Authentication Middleware
Protect routes by verifying the access token on every request:
import { Request, Response, NextFunction } from 'express';
export function authenticate(req: Request, res: Response, next: NextFunction) {
const authHeader = req.headers.authorization;
if (!authHeader?.startsWith('Bearer ')) {
return res.status(401).json({ error: 'Access token required' });
}
const token = authHeader.split(' ')[1];
try {
const payload = jwt.verify(token, ACCESS_TOKEN_SECRET) as jwt.JwtPayload;
req.user = { id: payload.sub!, email: payload.email, role: payload.role };
next();
} catch (err) {
return res.status(401).json({ error: 'Invalid or expired token' });
}
}Login Endpoint
Bringing it all together:
router.post('/auth/login', async (req, res) => {
const { email, password } = req.body;
const user = await User.findOne({ email });
if (!user || !(await verifyPassword(password, user.passwordHash))) {
return res.status(401).json({ error: 'Invalid email or password' });
}
const accessToken = generateAccessToken({
id: user._id.toString(),
email: user.email,
role: user.role,
});
const refreshToken = await generateRefreshToken(user._id.toString());
res.cookie('refreshToken', refreshToken, {
httpOnly: true,
secure: true,
sameSite: 'strict',
maxAge: 7 * 24 * 60 * 60 * 1000,
});
res.json({ accessToken });
});Token Blacklisting for Logout
When a user logs out, invalidate their refresh token and blacklist the access token until it expires:
router.post('/auth/logout', authenticate, async (req, res) => {
const refreshToken = req.cookies.refreshToken;
if (refreshToken) await RefreshToken.deleteOne({ token: refreshToken });
// Blacklist the access token in Redis until its expiry
const token = req.headers.authorization!.split(' ')[1];
const payload = jwt.decode(token) as jwt.JwtPayload;
const ttl = payload.exp! - Math.floor(Date.now() / 1000);
if (ttl > 0) await redis.set(`blacklist:${token}`, '1', 'EX', ttl);
res.clearCookie('refreshToken');
res.json({ message: 'Logged out successfully' });
});Security Checklist
- Hash passwords with bcrypt (12+ salt rounds).
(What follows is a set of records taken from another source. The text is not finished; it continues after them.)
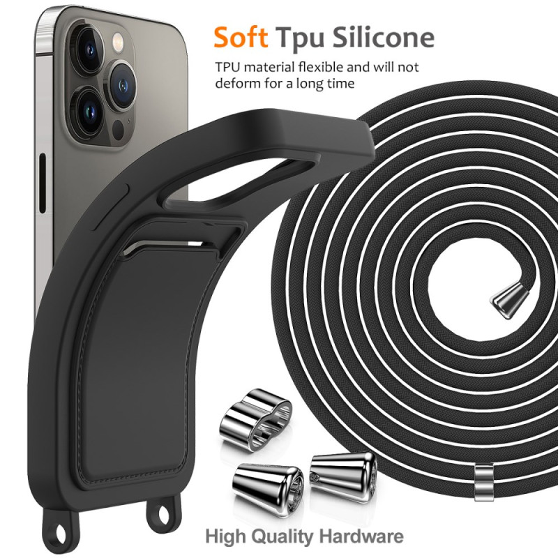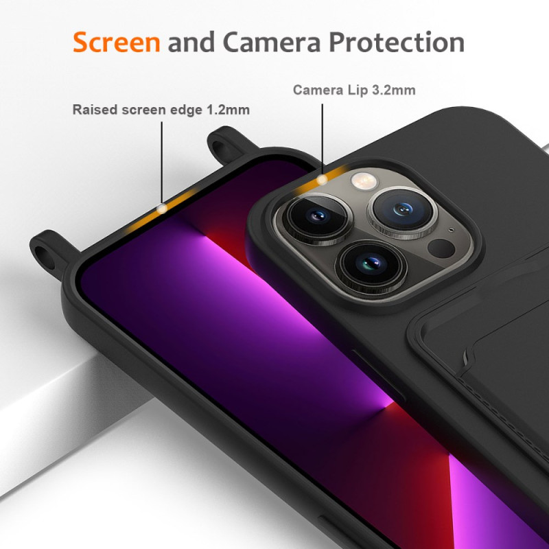 Schützen Sie Ihr iPhone 13 Pro Max elegant mit dieser ultraweichen Hülle aus Flüssigsilikon. Mit einem integrierten Kartenhalter und einem verstellbaren, 160 cm langen Schultergurt bietet sie praktischen Nutzen und optimalen Schutz für Ihren Alltag.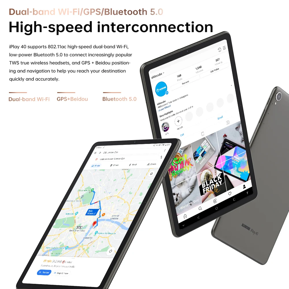 Alldocube iPlay 40 is equipped with a powerful octa-core fast processing SoC from UNISOC, Tiger T618 manufactured in 12nm, includes 2 ARM Cortex-A75 processors capable of reaching 2.0 GHz, six ARM Cortex-A55 processors with a maximum speed of 1.8 GHz. It also supports Android Neural Network API (NNAPI). T618 is not only amazing in performance, but also super power-saving.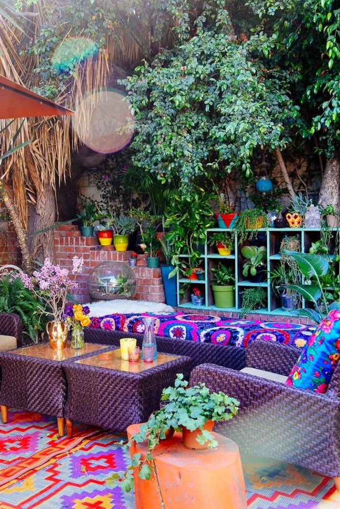 Актуальные идеи летнего оформления веранд, террас и внутренних двориков связывают со стилем бохо (сокращённо от Bohème — «богема»). Но не так важно его название, как то, что его принцип — организованный роскошный беспорядок — способствует лёгкому и непринуждённому самовыражению через яркий декор и натуральные материалы. Смешение стилей, узоров, материалов Наполните веранду любимыми вещами с историей — мебелью с чердака, стульями с блошиного рынка, покрывалами из бабушкиного сундука. И не бойтесь смешивать этнические узоры с цветочными, искусственный мех с металлом, а восточные ковры с мебелью скандинавского дизайна. Побольше мягких драпировок и буйной зелени сада вокруг. Ключевые слова — яркость и комфорт. А от ощущения простого беспорядка всю эту гремучую смесь спасёт, конечно же, ваш художественный вкус и умение почувствовать гармонию и вовремя остановиться. Мечты о путешествиях Украсьте террасу сувенирами со всех уголков света. Светильники из Марокко, турецкие ковры, китайские фон

- Short-lived access tokens (15 minutes max).
- Rotate refresh tokens on every use.
- Store refresh tokens in httpOnly, secure, sameSite cookies — never localStorage.
- Blacklist access tokens on logout using Redis.
- Use HTTPS everywhere — tokens in plaintext over HTTP are useless.
- Implement rate limiting on login endpoints to prevent brute-force attacks.
Key Takeaways
- Authentication is a layered system — password hashing, token generation, token verification, and token revocation all play a role.
- Refresh token rotation is the gold standard for detecting stolen credentials.
- Never store sensitive tokens in localStorage — use httpOnly cookies.
- Treat authentication as an evolving concern — revisit it quarterly.
Get authentication right, and you build trust with every user who logs in.